The report by the United Nations Intergovernmental Panel on Climate Change released in September 2018, immediately followed by the UN COP24 climate change conference in December of the same year, immediately resulted in a flurry of discussion around the world, including within the United States. As the environmental crisis looms ever more as an existential crisis in the popular imagination, it is increasingly reflected in policy proposals. The “Green New Deal” proposed by the Green Party in the US has been taken up by the Democratic Socialists of America (DSA), including some, such as Alexandria Ocasio-Cortez, who sit in prominent offices through the Democratic Party. The fact that corporate greenwashing, along with the propagation of a “green capitalism,” has been organized around the concept of sustainability should not drive the left. The main task is to frame the question in correct terms, putting our fingers on the systemic aspect of the crisis— namely capitalism as a totality.

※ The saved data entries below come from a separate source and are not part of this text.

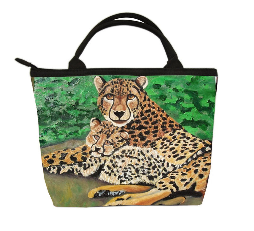 This petite cheetah purse is what cool for all the kittens in your life. It can be a cute purse for young girls, or a toiletry bag for all those mature cats. Zippered compartments inside allow for easy organization. Water resistant microfiber, foam padding, zip top closer, microfiber black handle, silver-tone circle zipper pull, polyester lining, inside zip pocket with silver-tone heart zipper pull.
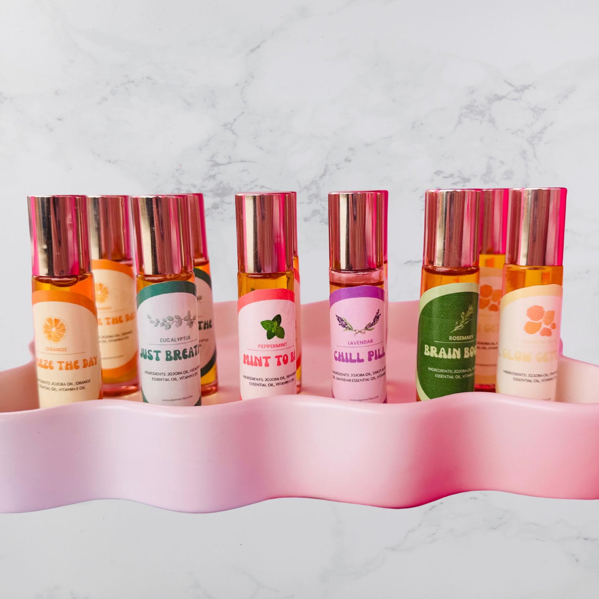 10ml roller bottle of your favorite essential oil blended with jojoba oil + vitamin e oil for extra benefits!
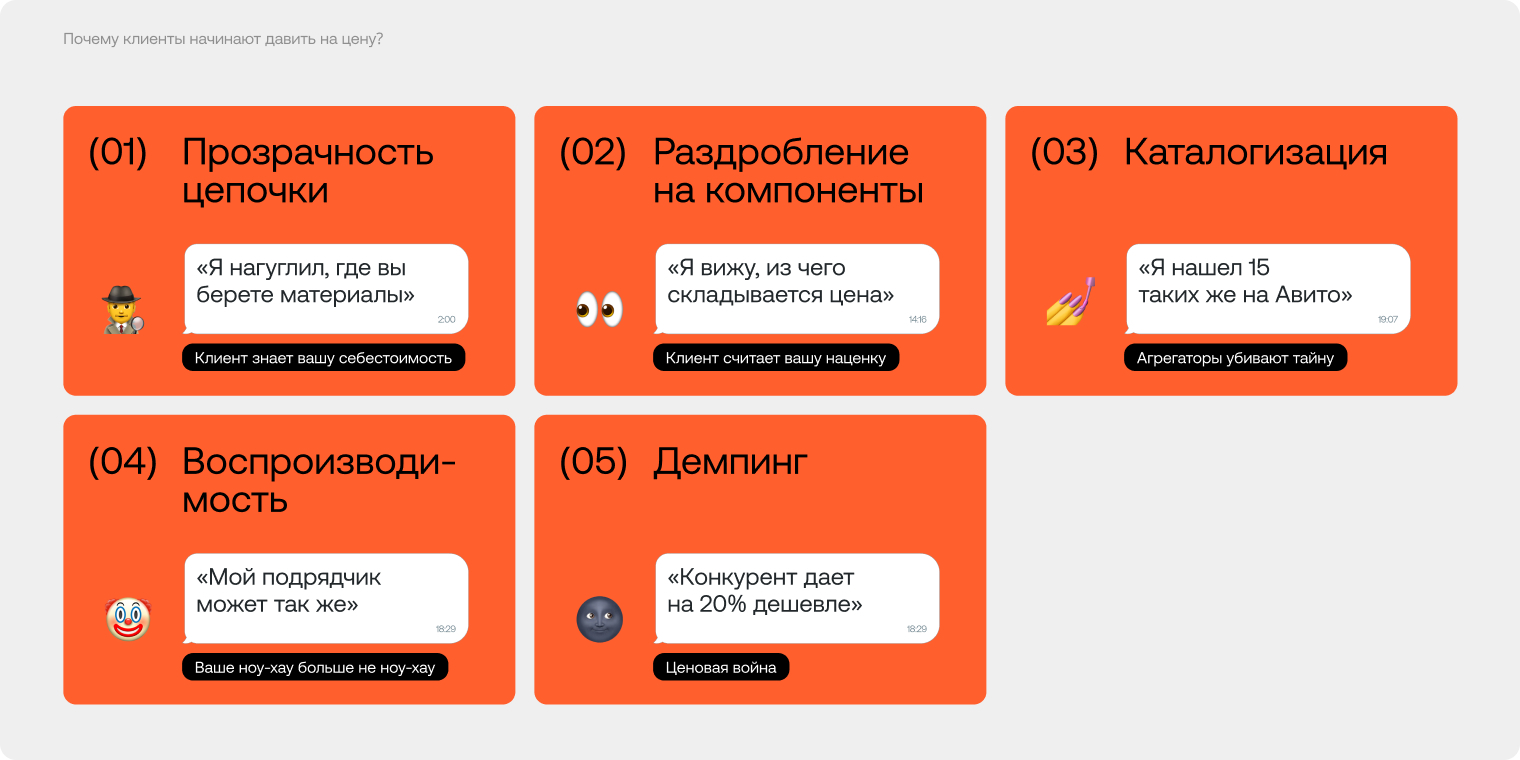 Клиент знает цену материала, человеко-часов, инструмента — и считает, что ваша маржа — «наглость».
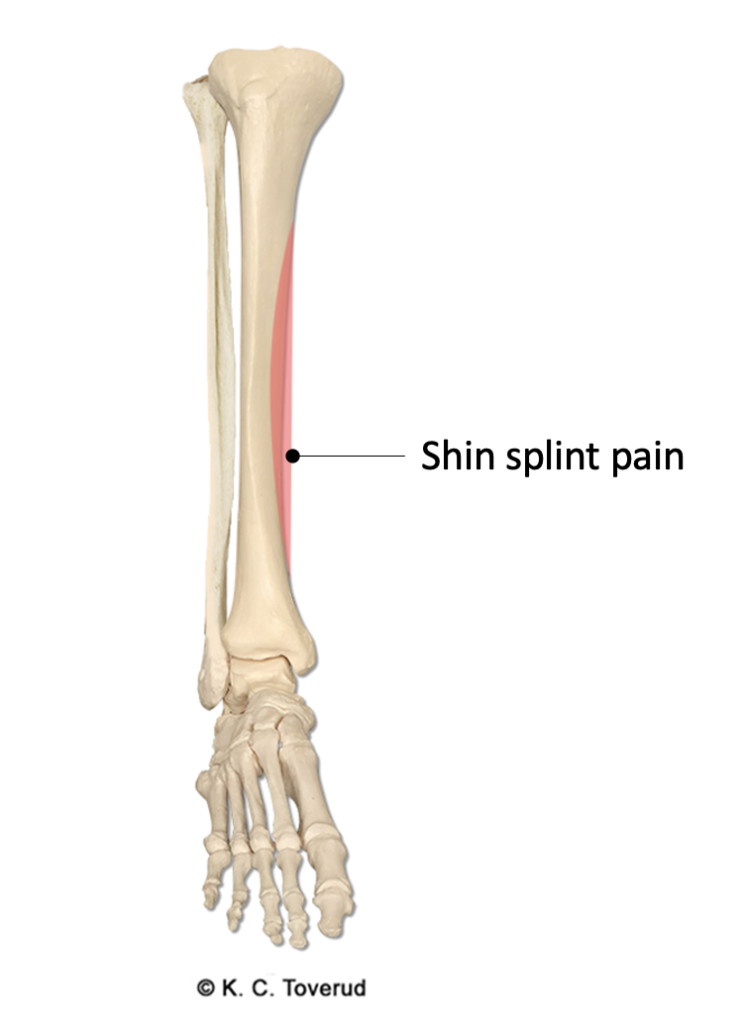 - Inflammasjon i muskel, sene og periost langs mediale kant av tibia
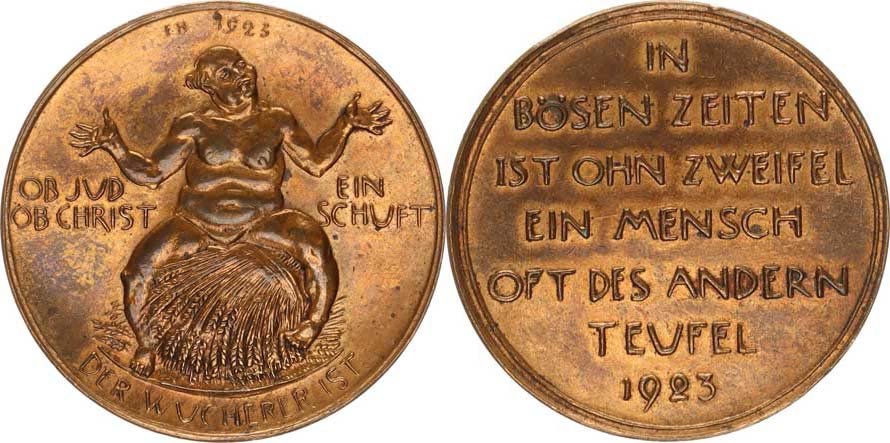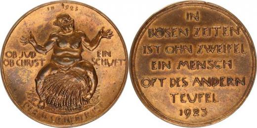 Medaile na drahotu 1923 - "Ob Jud, Ob Christ - ein Schuft der Wuc herer ist", na svazku obilí sedí gestikulující starší tlustý muž / 7-mi řádkový německý nápis bronz 38 mm
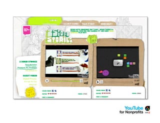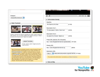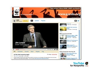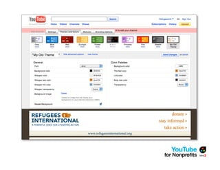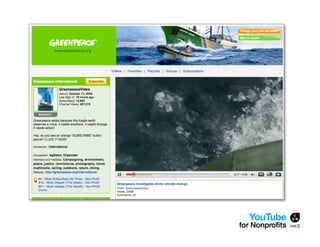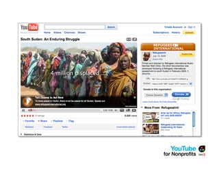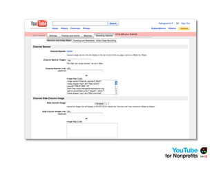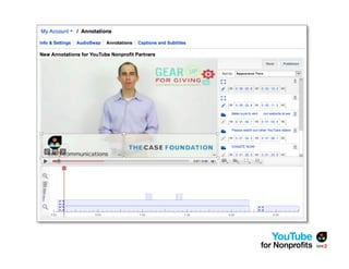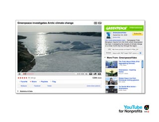 The document outlines a webinar by See3 Communications focused on the importance of a YouTube strategy for nonprofits, detailing effective online communication, fundraising techniques, and technical considerations. It covers key planning questions, content ideas for YouTube, and the nonprofit program's eligibility and benefits. Additionally, it provides advice on video production, measurement of success, and useful tools for maximizing online presence.

However, this does not simply mean providing an abstract criticism of capitalism as responsible for the crisis, while standing aloof from the specifics of the environmental crisis. The initial consciousness of the system as the source of the crisis cannot be equated with the posing a concrete solution. On what grounds can Marxists analyze the environmental crisis, and what distinctive political prescriptions follow from this, that might differ from social-democratic reforms?

In this short piece, we will mainly focus on the deadlock which solution proposals that do not problematize the capitalist market mechanism find themselves in, and suggest the blueprints of a radical, socialist response that the crisis itself is calling for. Particularly taking up the question of growth vs. degrowth, we are aware that the piece leaves many important issues untouched.